For starters, it was showcased with a three-column color photo, above the fold on the front page of this past Sunday’s paper and, beyond that, consumed two open pages inside it’s A-section, displaying more color photos, a fancy graphic and pull-out quotes.
In this tale of how Bush wanted to foster home ownership in the United Sates, the Times dismissed exculpatory factors with a wave of the hand, used language implying Bush should somehow have known what virtually no economist in the country professed to know and seemed oblivious to worse miscalculations by Democrats.
It could have corrected this latter flaw by visiting its archives, such as a Times story published Sept. 30, 1999, during the Clinton administration. It told of how Fannie Mae was “easing credit requirements on loans” in order to “increase home ownership rates among minorities and low-income consumers.”
“In moving, even tentatively, into this new area of lending, Fannie Mae is taking on significantly more risk, which may not pose any difficulties during flush economic times,” the story said, adding: “But the government-subsidized corporation may run into trouble in an economic downturn, prompting a government rescue similar to that of the saving and loan industry in the 1980s.”
Jump ahead now to a story that ran just months ago, on Oct. 19 of this year. It was about Henry Cisneros, head of the Department of Housing and Urban Development under President Clinton and an official who “loosened mortgage restrictions so first-time buyers could qualify for loans they could never get before.”
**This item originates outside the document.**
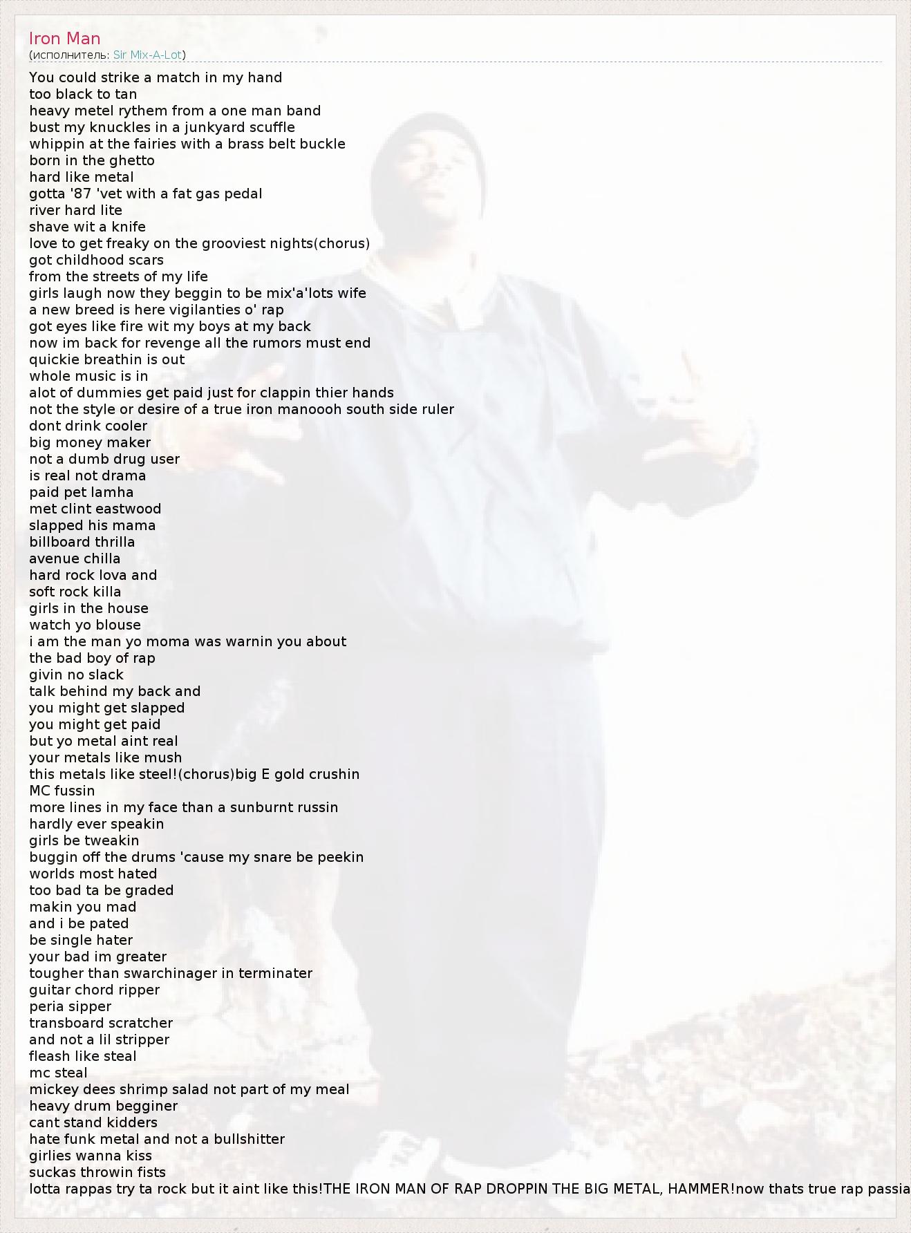 You could strike a match in my hand too black to tan heavy metel rythem from a one man band bust my knuckles in a junkyard scuffle whippin at the fairies with a brass belt buckle born in the ghetto hard like metal gotta '87 'vet with a fat gas pedal river hard lite shave wit a knife love to get freaky on the grooviest nights(chorus) got childhood scars from the streets of my life girls laugh now they beggin to be mix'a'lots wife a new breed is here vigilanties o' rap got eyes like fire wit my boys at my back now im back for revenge all the rumors must end quickie breathin is out whole music is in alot of dummies get paid just for clappin thier hands not the style or desire of a true iron manoooh south side ruler dont drink cooler big money maker not a dumb drug user is real not drama paid pet lamha met clint eastwood slapped his mama billboard thrilla avenue chilla hard rock lova and soft rock killa girls in the house watch yo blouse i am the man yo moma was warnin you about the bad boy of rap givin no slack talk behind my back and you might get slapped you might get paid but yo metal aint real your metals like mush this metals like steel!(chorus)big E gold crushin MC fussin more lines in my face than a sunburnt russin hardly ever speakin girls be tweakin buggin off the drums 'cause my snare be peekin worlds most hated too bad ta be graded makin you mad and i be pated be single hater your bad im greater tougher than swarchinager in terminater guitar chord ripper peria sipper transboard scratcher and not a lil stripper fleash like steal mc steal mickey dees shrimp salad not part of my meal heavy drum begginer cant stand kidders hate funk metal and not a bullshitter girlies wanna kiss suckas throwin fists lotta rappas try ta rock but it aint like this!THE IRON MAN OF RAP DROPPIN THE BIG METAL, HAMMER!now thats true rap passia

The story quotes Cisneros as pointing the finger at others while also conceding that “people came into homeownership who should not have been homeowners,” and saying as well that the “country is paying for that . . .”
There is absolutely no doubt that liberal Democrats were in the forefront of encouraging bad loans and that this was one reason among others for the calamity the country now faces.
Although Bush himself also pushed for policies extending homeownership, he did begin to catch on during his first term about dangers at Fannie Mae and Freddie Mac, and fought for years for regulatory reform.
The Times acknowledges as much while giving considerable say to a hyper-critical politician who might have a lot to answer for. The paper says Bush refused to go along with a compromise bill even as it – fairly but with a sense of skepticism _ does quote a White House official as replying that this bill would have accomplished nothing.
There’s nothing wrong with the Times examining the Bush record on housing and how that may have contributed to the current economic downturn, and it’s not crucial that any such story try to offer a total history of easy loans to people who might struggle to repay them. But what you have here goes beyond that to laying excessive blame on Bush, despite past stories with a different version of things.